Revision as of 20:39, 30 July 2020

Creating How to Prove and Assess Quality Learning (with *DAS) workshop

The Reference-Rich Decentralized Accreditation System (*DAS) is a new certification concept for hacker knowledge and community-sourced knowledge in general. This workshop will teach how to make *DAS-formatted certificates.

Then, we'll show you what your certificates can look like connected up with everyone else's in the *DAS system, including an interactive demo of trust inference over the certificate network you helped make.

Abstract

So you've learned some amazing things from your community, not from school. How can you prove it? With an open-source accreditation system, of course! But it's a challenge to write a certificate for your own learning that includes every piece: the right prerequisites, the right kind of proof that it's yours, the right material to make an excellent case for your knowledge--and how to credit your community, too. Join us to learn how to write a short, trustworthy certificate to prove your knowledge (like the key points of Brown v. Board of Education of Topeka, 1954) or your skill (like soldering headers) that you'd like to prove to yourself or others, especially something you've learned at HOPE 2020!

For this workshop, we'll help each participant make 2 certificates: one for folding paper, and one for making paper airplanes.

Use a reference-rich decentralized accreditation system (*DAS), which we will provide, to visualize your certificate as part of a live network of everyone else's certificates from the workshop.

Our developing website can provide more information about the *DAS project!

Full Description

Welcome! Today, we'll learn how *DAS certificates work, how they link to other certificates when you learn new things, how they link to other people's certificates when you teach them, and how it's possible for someone outside of your community to quickly determine if any particular member of your learning community has any particular skill by making *DAS certificates.

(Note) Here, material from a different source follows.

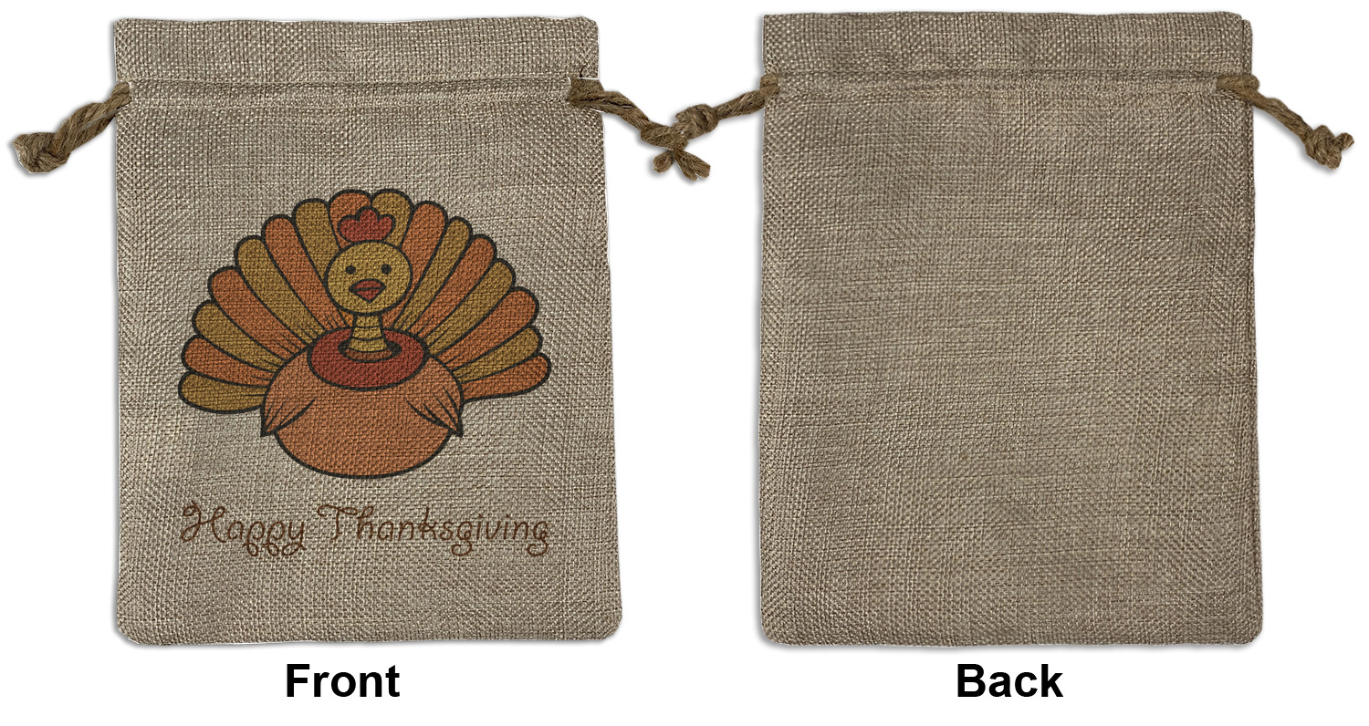 We sell our Burlap Gift Bags in 3 variant sized bags. Made with burlap polyester, each personalized bag can be secured with a twine drawstring pull. Your custom design is available to print on one side or both sides - completely up to you! The sizes of the bags measure approximately 4.5" x 6.5" for the smallest size, 6.5" x 8.0" for the medium size, and 6.5" x 13.5" for the large-sized bag.

We'll be doing this by teaching each other how to fold paper airplanes.

*DAS certificates have a very particular structure, but they're just ordinary documents (like word docs, google docs, dropbox paper, or markdown) with particular formatting.

*DAS cert on Dropbox Paper
*DAS cert made in Microsoft Word
*DAS cert written in markdown
*DAS cert on Dropbox Paper *DAS cert made in Microsoft Word *DAS cert written in markdown

We'll use some templates to help get the format correct quickly and easily.


Registration

You don't need to register to take this workshop--all HOPE 2020 workshops no longer have registration. However, you will need a HOPE ticket. <<< Jaguar could you please fill in? >>>

Materials

To do the hands-on portion of this workshop you will need one piece of paper, preferably flat.

Required Software

A Dropbox account will make your workshop experience smoother, but it is not required. Any tool that can open and edit a .docx or .md file, or access to Google docs or dropbox

Links

This is our website!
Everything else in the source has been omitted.